I think I experienced a random bit flip while updating Linux on one of my machines today. My laptop was humming along happily during compilation until GCC suddenly aborted with an error: invalid preprocessing directive #lefine; did you mean #define?.

Huh, #lefine instead of #define?

Now, GCC is known for its cryptic error messages, but this one left me baffled. Things I tried to figure out what the issue could be:

  • I first grepped the offending file, drivers/gpu/drm/i915/i915_reg.h, for #lefine to see if a typo somehow slipped through the Linux 4.19.1 release, but got 0 matches.
  • When I resumed the build, it completed without errors. The kernel also appeared to run fine upon reboot.
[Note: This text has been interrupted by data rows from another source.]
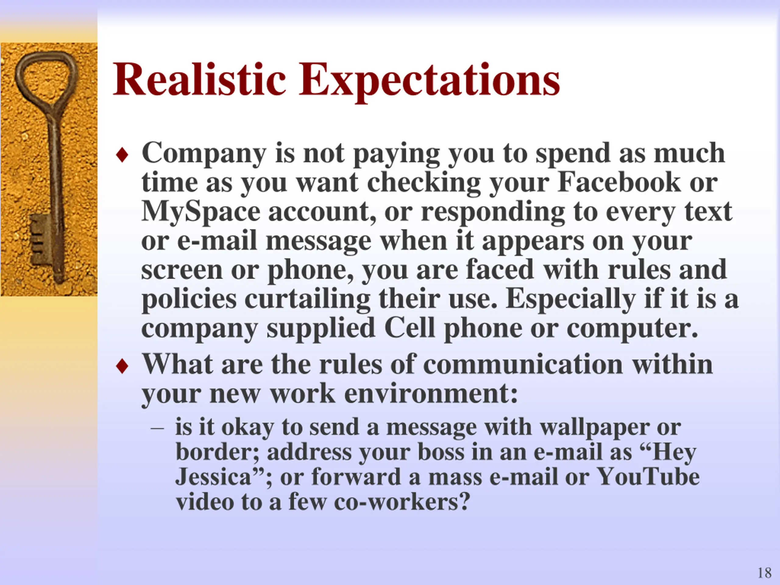 Realistic Expectations Company is not paying you to spend as much time as you want checking your Facebook or MySpace account, or responding to every text or e-mail message when it appears on your screen or phone, you are faced with rules and policies curtailing their use. Especially if it is a company supplied Cell phone or computer. What are the rules of communication within your new work environment: is it okay to send a message with wallpaper or border; address your boss in an e-mail as Hey Jessica ; or forward a mass e-mail or YouTube video to a few co-workers? 18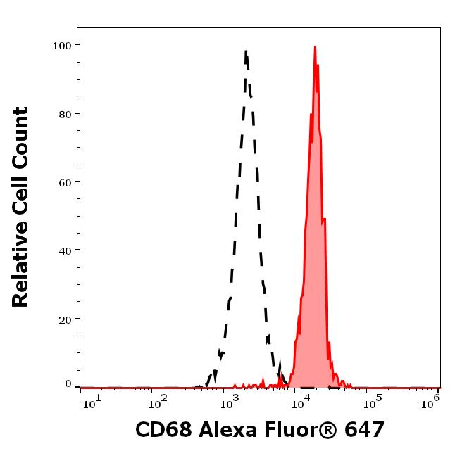 Separation of human monocytes (red-filled) from lymphocytes (black-dashed) in flow cytometry analysis (intracellular staining) of human peripheral whole blood stained using anti-human CD68 (Y1/82A) Alexa Fluor® 647 antibody (4 μl reagent / 100 μl of peripheral whole blood).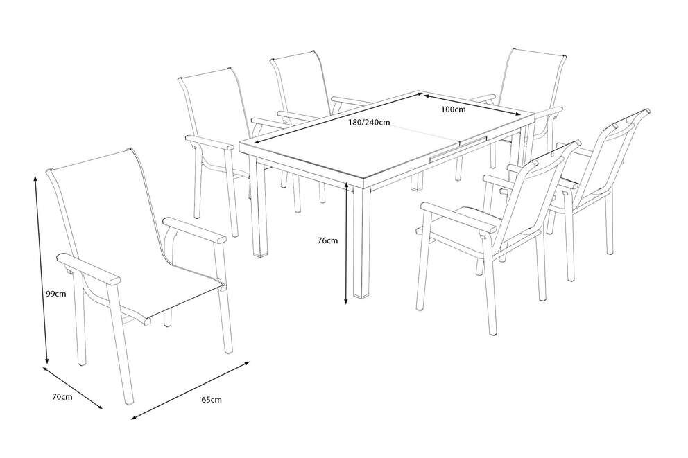 Ergänzt wird der Tisch durch sechs hochwertige KETTLER BasicPlus Pro Stapelsessel, die perfekt auf das Design des Tisches abgestimmt sind. Die Sessel bestehen aus einem langlebigen Aluminiumrahmen und einer luftdurchlässigen, schnelltrocknenden Textilene-Bespannung – ideal für warme Sommertage. Die ergonomisch geformte Rückenlehne sorgt für ein angenehmes Sitzgefühl, während das geringe Gewicht von ca. 3,75 kg jede Umstellung mühelos ermöglicht. Mit einer Tragkraft von ca. 120 kg sind die Stühle robust, verlässlich und für den intensiven Alltagsgebrauch bestens geeignet.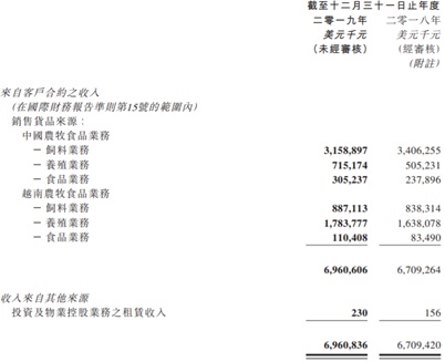 智通财经APP,于中国、越南两地开展动物饲料、养殖及食品加工业务的卜蜂国际,在2020年2月20日交出了过去一年的经营业绩答卷。业绩公告显示,得益中国养殖及食品业务的良好表现,加上越南猪价整体上涨,以致越南养殖业务的利润率增加,以及生物资产公允值录得正变动净额增长,公司2019年全年在营收同比小幅增长3.75%至69.6亿美元基础上,归属公司股东溢利达到了3.46亿美元,同比大幅增长22.8%。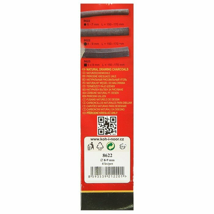 Уголь художественный натуральный 8622 полочки 8-9 4 штуки KOH-I-NOOR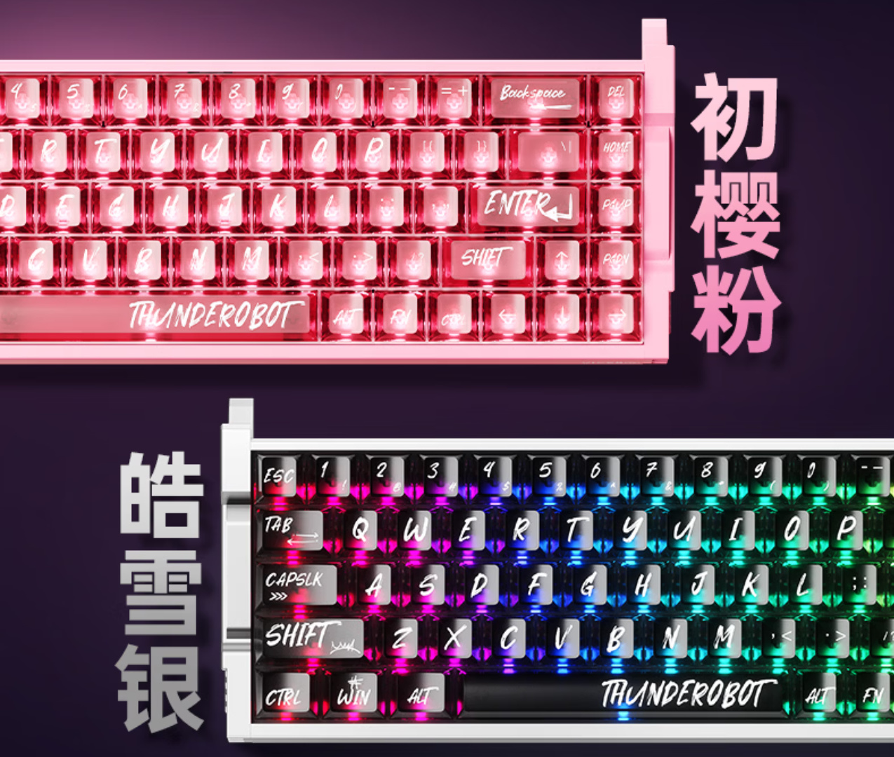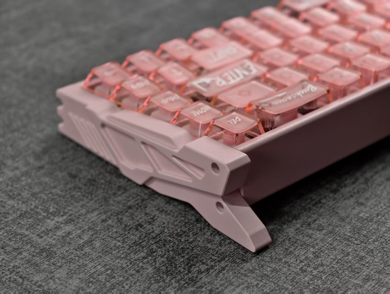 鋁合金殼體,表面採用噴砂或180目氧化工藝,質感沒毛病,給到初櫻粉or皓雪銀兩款配色。鍵帽採用PC霧透材質,並且元素做得很張揚,塗鴉風格的大字體,搭配下位燈,整體效果很棒。

I ended up recompiling it entirely multiple times to see if I could reproduce the error, but I couldn’t.
  • I ran a MemTest86 test for 24 hours, but it didn’t find any errors, so the RAM is also unlikely to be the culprit.

I thought I was losing my mind until it dawned on me that this could have been caused by cosmic rays. Looking at ASCII table, we see that ’d’ and ‘l’ are indeed one bit flip away from each other:

char decimal binary
d 100 1100100
l 108 1101100

Could that be it? Isn’t that incredibly unlikely? There doesn’t appear to be a consensus in existing literature 1 2 3 on how often these errors actually occur, but I did learn that this phenomenon is actually more common than I thought. The chances of flipping a bit that would cause software to break in this fashion, on the other hand, must be incredibly small.

In the end, there’s just no way to prove that this was actually caused by cosmic rays. It could also have been some other extremely rare hardware fluke. Either way, this took me by surprise, to say the least.

Perhaps this is the cosmos’ way of telling me to invest in ECC RAM.